**PROMPT**
Give back, word for word, only the lines from the opening of the records through the one with "女子向けラノベタイトル風あだ名 | 『シンデレラああや家の靴箱館』 |". Pictures stay out.

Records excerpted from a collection
● ● ●

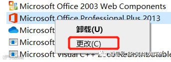 选择:卸载程序,找到ofice软件,点击右键进行更改
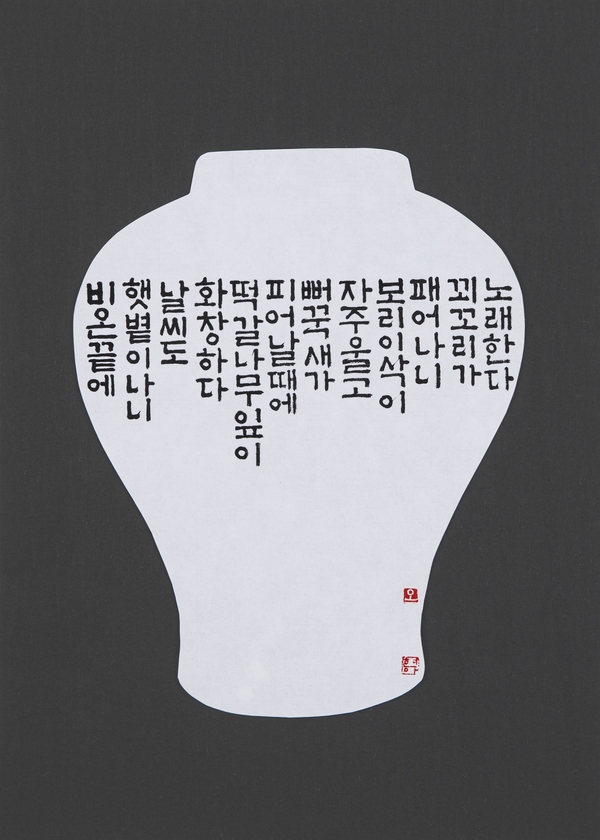 이번 전시에는 오랜 시간 써온 '농가월령가'를 비롯해 한글 문학과 궁체가 만나 이루는 서정성이 돋보이는 작품들을 출품한다.
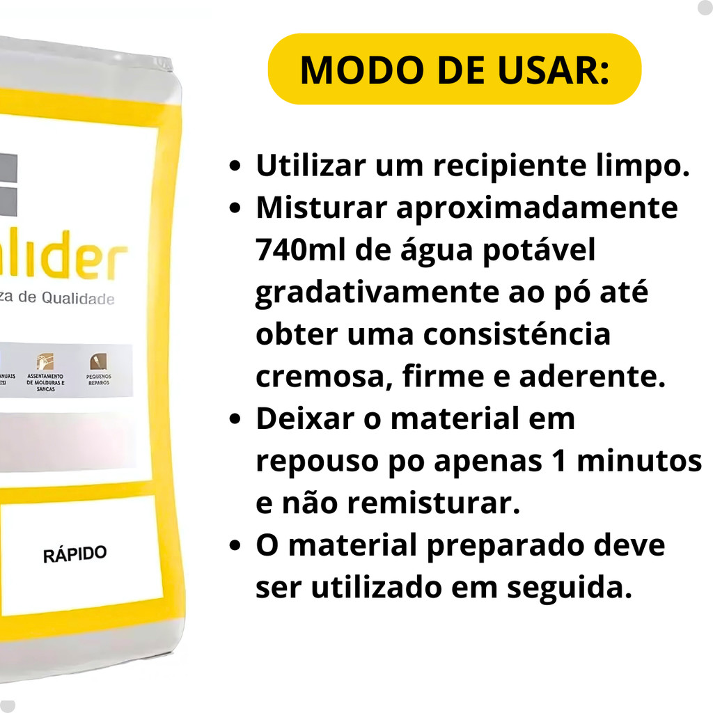 | Saco De Gesso Rápido 5kg P/ Molduras Reparos Manuais Branco este produto | R$ 27,25 | — | 4.9/5 | — |
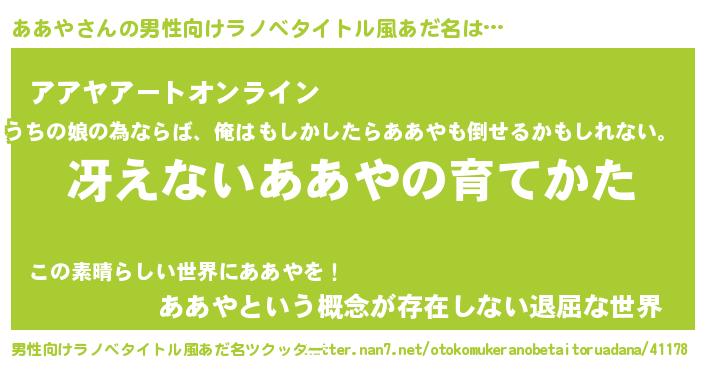| 女子向けラノベタイトル風あだ名 | 『シンデレラああや家の靴箱館』 |
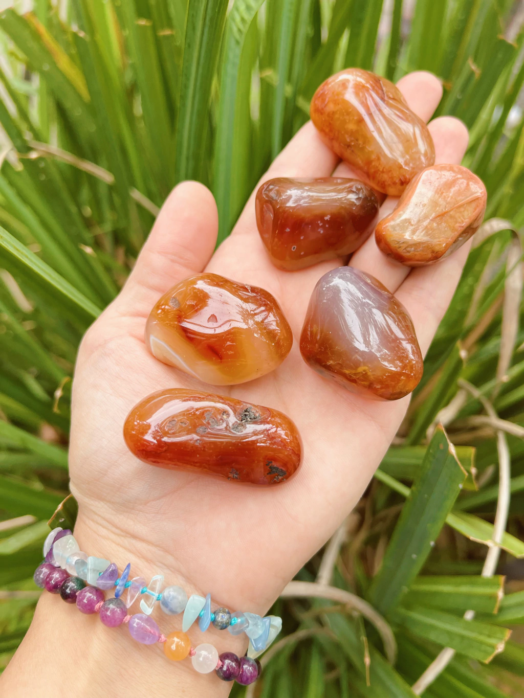 Esta piedra tiene un gran poder estabilizador, además realiza un gran aporte a la vida estimulando la motivación y la creatividad, es excelente para aquellos que desean salir de su zona de confort. Ayuda a superar el decaimiento emocional y la confusión, esto se debe a que tiene el poder de equilibrar nuestras emociones. También se utiliza como amuleto en los hogares y negocios como protección contra el mal de ojo, la envidia y los pensamientos negativos dirigidos hacia el poseedor del amuleto. La cornalina está asociada a la energía del poder y la ambición bien encausadas. Por ello es comúnmente utilizada para alcanzar el éxito profesional, calmar las tensiones en reuniones decisivas y para dar claridad mental al momento de tomar una decisión de índole laboral.
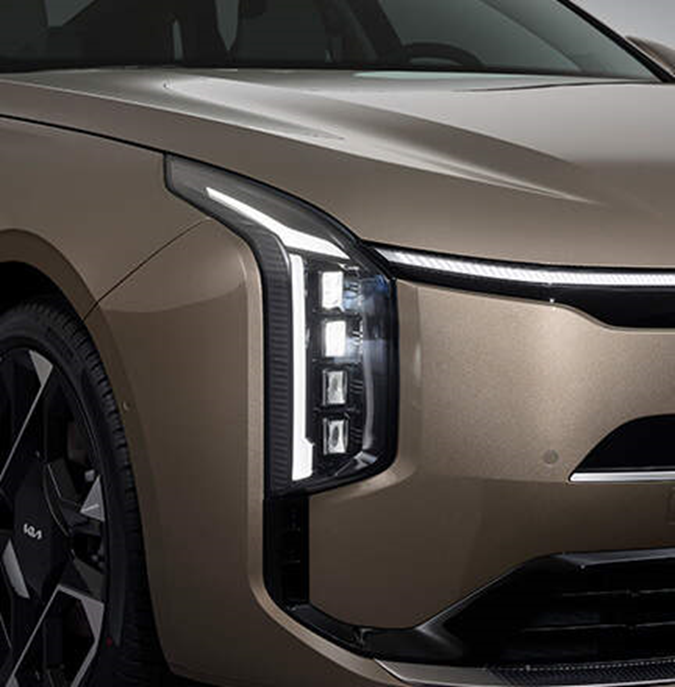 K8 페이스리프트는 기아의 최신 디자인 철학인 ‘Opposite Unite’를 반영하여 더욱 세련되고 현대적인 외관을 제공합니다. 이 모델은 전면에 수직형 LED 헤드램프와 스타 맵 시그니처가 적용된 주간주행등(DRL)이 장착되어, EV9 세단과의 일관된 패밀리 룩을 완성합니다. 또한, 파노라마 선루프가 추가되어 차량 내부의 개방감을 극대화하였으며, 크롬 사이드 가니쉬가 적용되어 더욱 다이내믹한 이미지를 연출합니다.

● ● ●

**RESPONSE TO THIS EXERCISE**
 选择:卸载程序,找到ofice软件,点击右键进行更改
 이번 전시에는 오랜 시간 써온 '농가월령가'를 비롯해 한글 문학과 궁체가 만나 이루는 서정성이 돋보이는 작품들을 출품한다.
 | Saco De Gesso Rápido 5kg P/ Molduras Reparos Manuais Branco este produto | R$ 27,25 | — | 4.9/5 | — |
| 女子向けラノベタイトル風あだ名 | 『シンデレラああや家の靴箱館』 |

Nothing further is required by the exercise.